Saturday, October 20, 2012

Why I Am Bullish On Linn Energy

LINN Energy's mission is to acquire, develop and maximize cash flow from a growing portfolio of long-life oil and natural gas assets.

Linn Energy (LINE) has been a fast growing company since its IPO in 2006. During that time period they have made 52 acquisitions of productive property totaling $9 billion. Even though they're close to their 52-week high ($41.13), the company has much more to offer. Linn Energy is a solid long-term play.

Reasons I am so bullish:

  • Linn Energy has $1.9 billion in available capital.

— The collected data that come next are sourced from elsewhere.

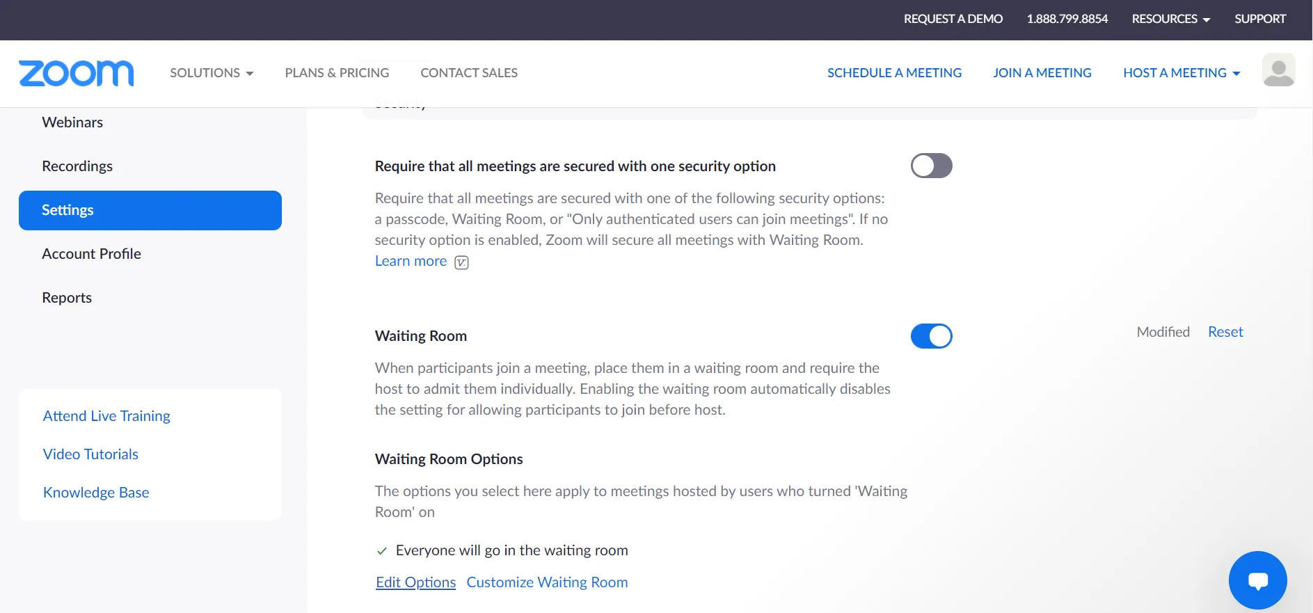 - (1) ”Waiting Room” & (2) ”Require authentication to join”: These fields can be found under the “Security” section in the “Schedule a Meeting” page. Please also refer to the “Scheduling a Zoom Meeting (Web Portal)” page for procedures to schedule a meeting.
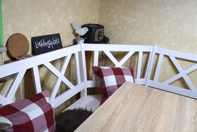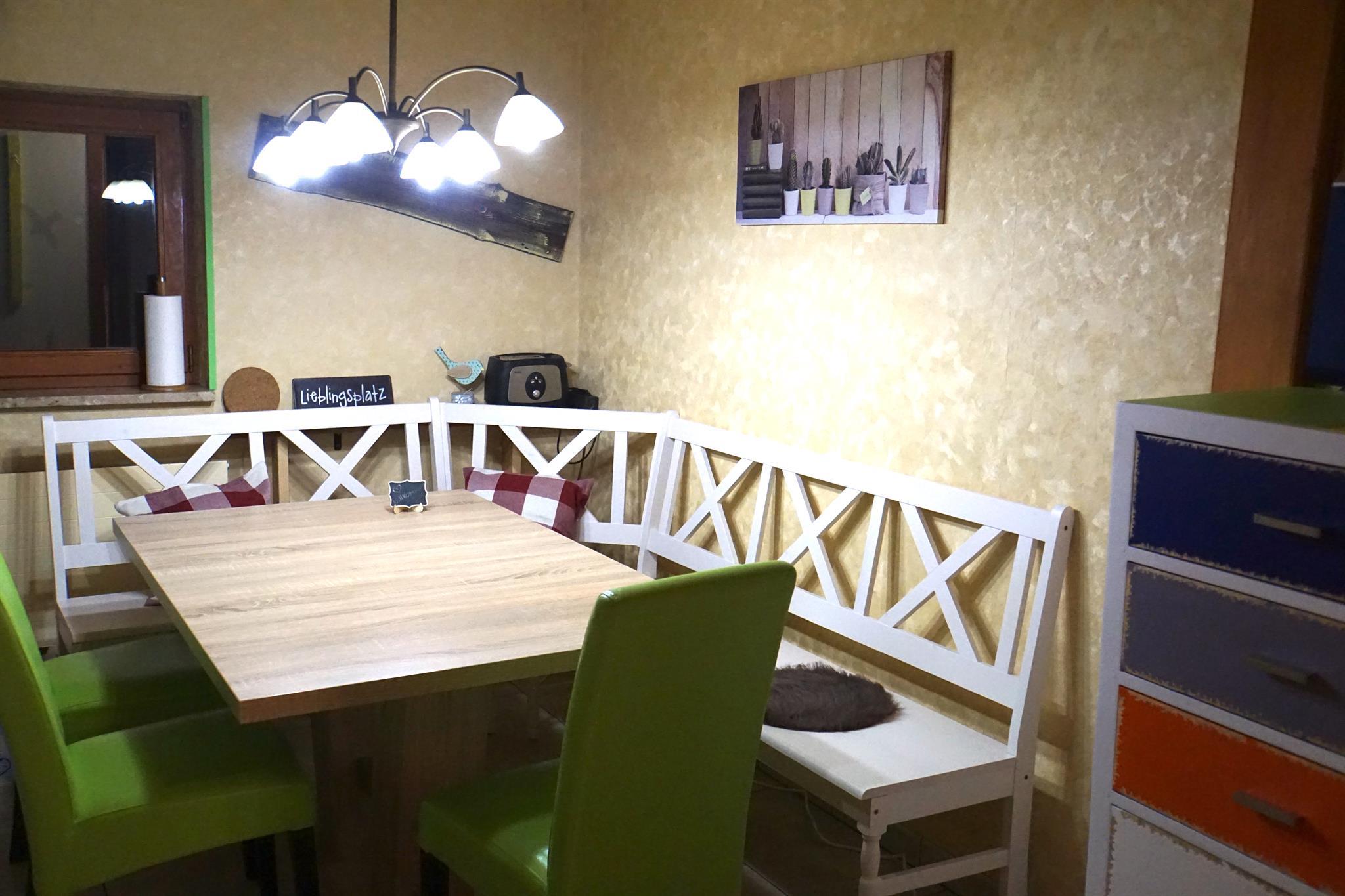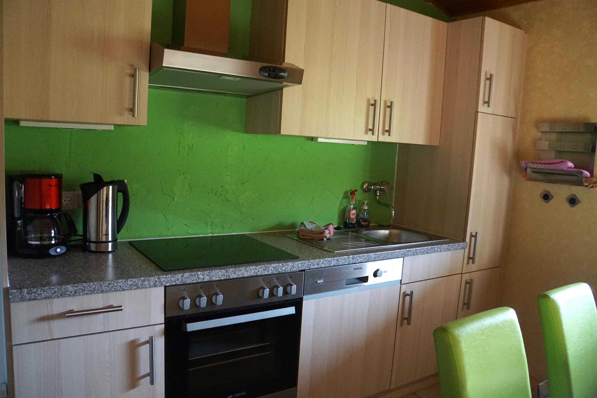 · voll ausgestatte Einbauküche (Herd, Backofen, Spülmaschine, Mikrowelle, Kühlschrank mit separatem Gefrierteil, Kaffeemaschine, Tchibo-Kapselmaschine, Wasserkocher, Toaster.... ) mit Essplatz für 8 Personen (Eckbank + Stühle)
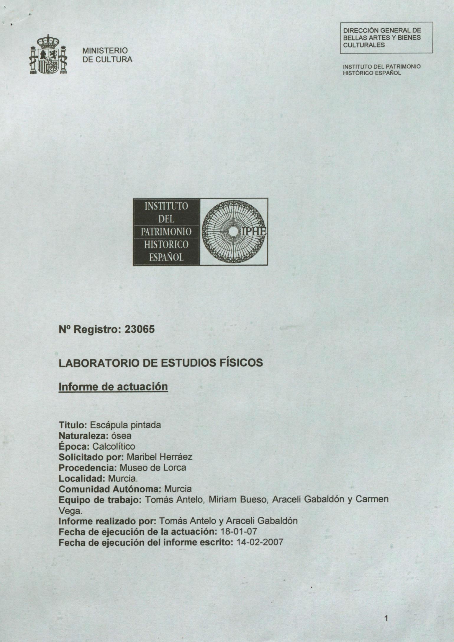 Restauración de una escápula pintada, del periodo calcolítico, procedente del Museo Arqueológico de Lorca (Murcia)

While they only have $24 million in cash, they also have a credit facility.
  • Their annual dividend is $2.90 a share, which is a yield of over 7%.
  • In the first quarter of 2012, production has increased year-over-year by 51% and they are estimating a 65% increase in production for 2012. They continue to show impressive growth.
  • Linn Energy is in the game for the long run, which is shown by their commitment to natural gas and their long-term purchases.
  • As of March 2012, 54% of Linn Energy's proven reserves were natural gas while 46% were oil and NGLs (Natural Gas Liquids).
  • They have 4.2 TCFE (Trillion Cubic Feet Equivalents) of proven reserves that have an approximate life span of 21 years.
  • As of March 2012 Linn Energy has hedged close to 100% of its natural gas through 2017. They accomplished this utilizing puts (approximately 35.8%) and swaps (approximately 64.2%).
  • As of March 2012 Linn Energy has hedged close to 100% of its oil through 2016. They accomplished this utilizing puts (approximately 23.4%) and swaps (approximately 76.6%).

(click to enlarge images)

Linn Energy's debt:

  • In March of 2012, Linn Energy sold $1.8 billion worth of senior unsecured notes yielding at 6.25%. They come due in 2019.
  • Linn Energy owes $75 million on their revolving credit facility as of 2012.
  • As of December 31, 2011, Linn Energy owed $940 million on their revolving credit facility.
  • As of March 31, 2012, Linn Energy has $4.9 billion in debt.
Linn Energy's Debt 2011 and 2012
March 31, 2011December 31, 2012
Credit facility$940,000,000$75,000,000
Senior notes, net$3,053,657,000$4,854,542,000

Some risks:

  • Linn Energy's Q1 2012 earnings were $0.25 per share, which missed the estimates of $0.41 per share.
  • Linn Energy's Q4 2011 earnings were $0.51 per share. This met the estimates of $0.51 per share.
  • Linn Energy missed their Q1, Q2 and Q3 2011 earnings per share estimates.
  • The last time Linn Energy beat EPS estimates was in Q4 2010.
  • Linn Energy has taken a risk being as heavily involved in natural gas as they are. However, I believe that in the long run the risk will pay off.
  • Linn Energy is purely in the United States. While this can protect them from the volatility of the Asian, European and African markets, it also severely limits their consumer base and access to resources.

5 more reasons Linn Energy is undervalued:

  • Linn Energy has disclosed that they plan to continue making acquisitions.
  • Linn Energy has just paid BP $1.2 billion dollars to acquire the Hugoton Basin properties that BP controlled. The Hugoton Basin property has approximately 2,400 working natural gas wells and more than 800 potential drilling locations. The Hugoton Basin is one of the largest natural gas fields in the United States.
  • Linn Energy is the 13th largest domestic oil and natural gas company in the United States.
  • Natural gas is expected to overtake coal as the second most used fossil fuel around 2035.
  • Linn Energy's land positions include:
  • Granite Wash = 600 wells
  • Wolfberry = 400 wells
  • Bakken = 800 wells
  • Cleveland = 165 wells
  • Hugoton Acquisition = Approximately 2400 wells
  • East Texas = 430 wells
  • Salt Creek Oil Field = Partners with Anadarko Petroleum Corporation (APC) in "CO2 enhanced oil recovery development"
  • Disclosure: I am long LINE. I have owned stock in Linn Energy since 2009.